◆ COLLECTED MATERIAL:
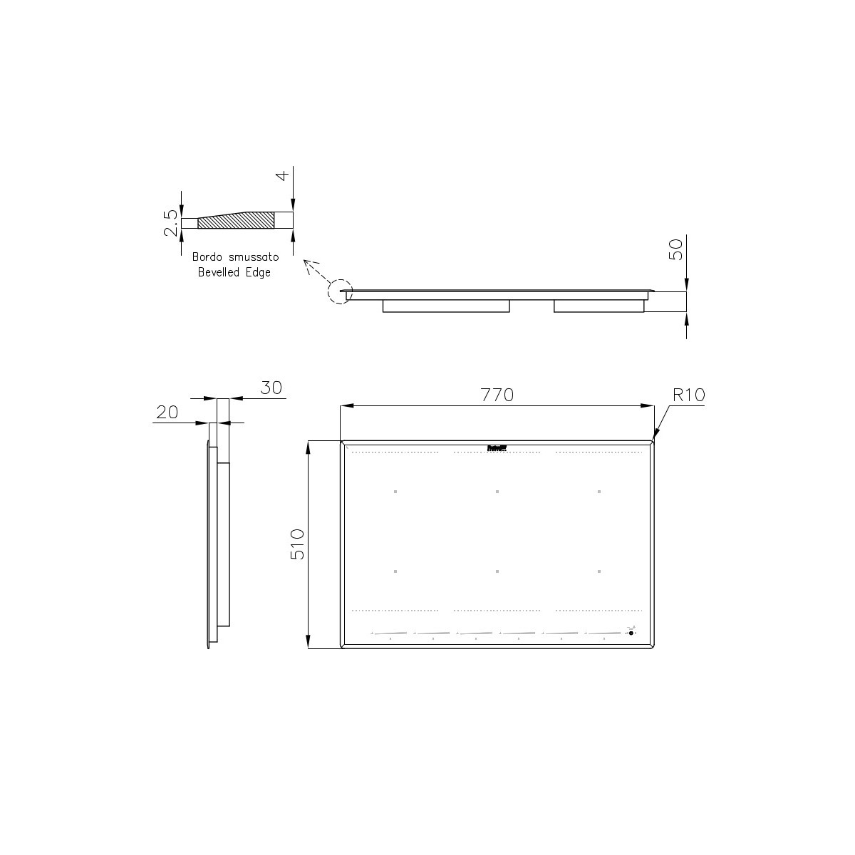 Piani Cottura a Induzione KE, Colorazione Nero, Materiale Vetroceramica, Bordo Installazione Bordo bisellato - per installazione a filo piano o per incasso sopratop, Dimensioni 770x510 mm
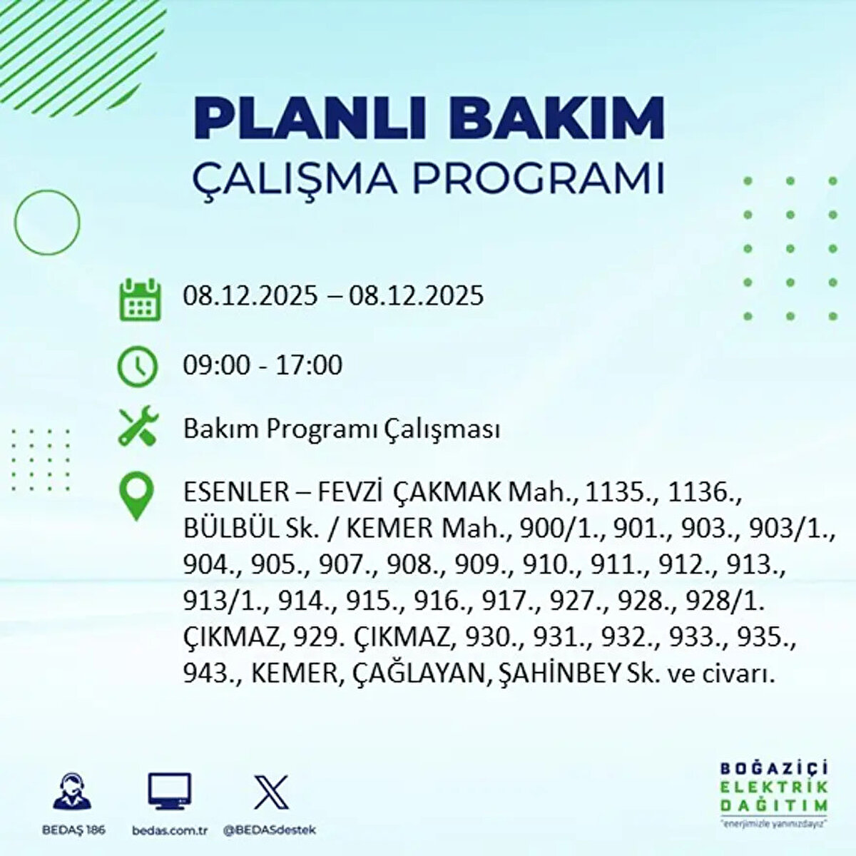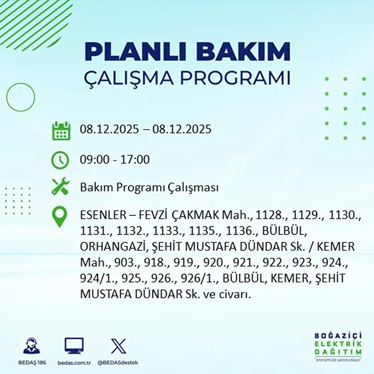 İstanbul’da Elektrik Kesintisi | 23 İlçe Karanlığa Bürünecek: BEDAŞ 8 Aralık Kesinti Listesi ve Saatleri
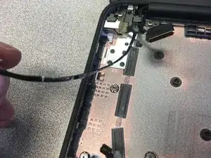 Кабель питания DC IN приклеен к нижней сборке. Отклейте кабель.

◆ EXERCISE INSTRUCTIONS: The required answer is the material repeated exactly, with no images in it.

◆ RESPONSE TO THE TASK:
 Piani Cottura a Induzione KE, Colorazione Nero, Materiale Vetroceramica, Bordo Installazione Bordo bisellato - per installazione a filo piano o per incasso sopratop, Dimensioni 770x510 mm
 İstanbul’da Elektrik Kesintisi | 23 İlçe Karanlığa Bürünecek: BEDAŞ 8 Aralık Kesinti Listesi ve Saatleri
 Кабель питания DC IN приклеен к нижней сборке. Отклейте кабель.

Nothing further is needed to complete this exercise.